LONDON TONIGHT TONIGHT

Good Afternoon.

Ken is in command today but we have persuded him not to lead on West Ham, do a property piece on the East End, profile the Icelandic finance industry nor commission a one-off What Not To Miss, in and around Upton Park.

He has a celebratory exclamation which he bellows after a successful programme - "Nailed that sucker!".

Tonight the "sucker" he nails is the one that caused the fire at the Cutty Sark. Clues, then, to the cause of the fire that gutted more than a century of maritime history: "Bish, bash, Bosch", "Don't make a Miele out of it", "Dyson arson". Alas, we couldn't come up with one for "Goblin" which was the brand of my mother's "sucker" when I was a child. There's also the role played by some of London's least brightest sparks who claimed to have been there all along only for their forged evidence to have escaped destruction in the fire they missed. It is a corker and Phil plays the Captain Ahab of the tea-trade.

Despite his addiction to the claret (in both senses) and blues, Ken has agreed that the Gunners attempts to redeem themselves are worthy of our efforts. "What they need", mused Katie, (stunning in black trousers and a cherry decorated top) "is an old head on those young shoulders". We were impressed as was she when she was listening to the radio on the way in to work.

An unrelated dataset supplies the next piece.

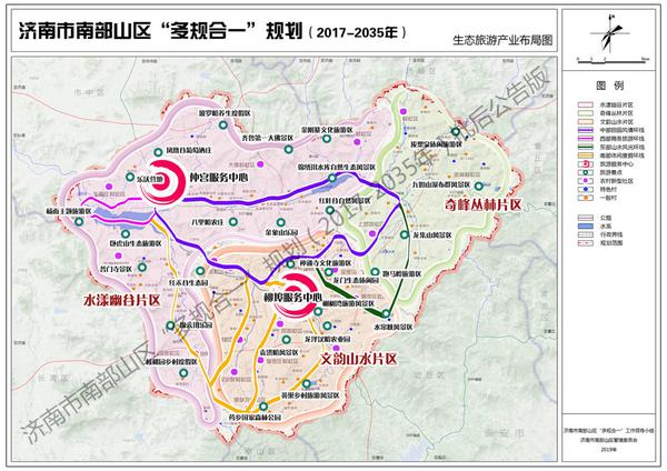 7月15日,《济南市南部山区“多规合一”规划(2017-2035年)》正式公布。根据该规划,南部山区形成“三心、四轴、六片”的总体空间格局,到2035年建设成为华北地区富裕文明、安定和谐、令人向往的生态文明示范区。

Whether David Pleat can compete in the "impressive" stakes, I know not but he gets his chance, mid-way through the second half of this programme of two halves

Also chasing the decider as the minutes tick by is Kevin Spacey who celebrates "The Norman Conquests", in the round, at the Old Vic. Two Oscars but what Kevin is really proud of is what he has done for London and Scarborough. Scarborough? Oh, yes, Scarborough - I'll leave it to Lucy to explain.

An explanation, of sorts, for the brutal death of a Londoner in Norwich for a family get-together: he'd tried to do the right thing and it cost him his life. Glen Goodman hears the sadness and anger of a grieving, yet curiously proud, family.

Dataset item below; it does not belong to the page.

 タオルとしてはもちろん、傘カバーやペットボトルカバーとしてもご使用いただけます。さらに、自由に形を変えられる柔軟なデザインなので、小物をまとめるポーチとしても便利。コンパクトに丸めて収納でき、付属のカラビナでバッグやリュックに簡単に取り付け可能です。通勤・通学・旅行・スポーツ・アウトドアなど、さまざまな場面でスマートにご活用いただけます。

No pride in the murder of a woman who had popped into her office block for a shower only to be confronted by an opportunist thief. He killed her and pinched some lap-tops. He'll be logging on, at Her Majesty's Pleasure, for many years to come. Marcus is trying to lose the keys.

Liz, the pride of this programme, is covering The Pride of Britain Awards - whatever the outcome, an uplifting event. Watch out for the firemen - they are terrific!

Robin, guilty of most of the "sucker" puns, will also come up with a witty explanation for cold, wet, windy weather and the papers will give you something to screw up and throw at him - metaphorically.

See you at 6.

Alastair and Katie.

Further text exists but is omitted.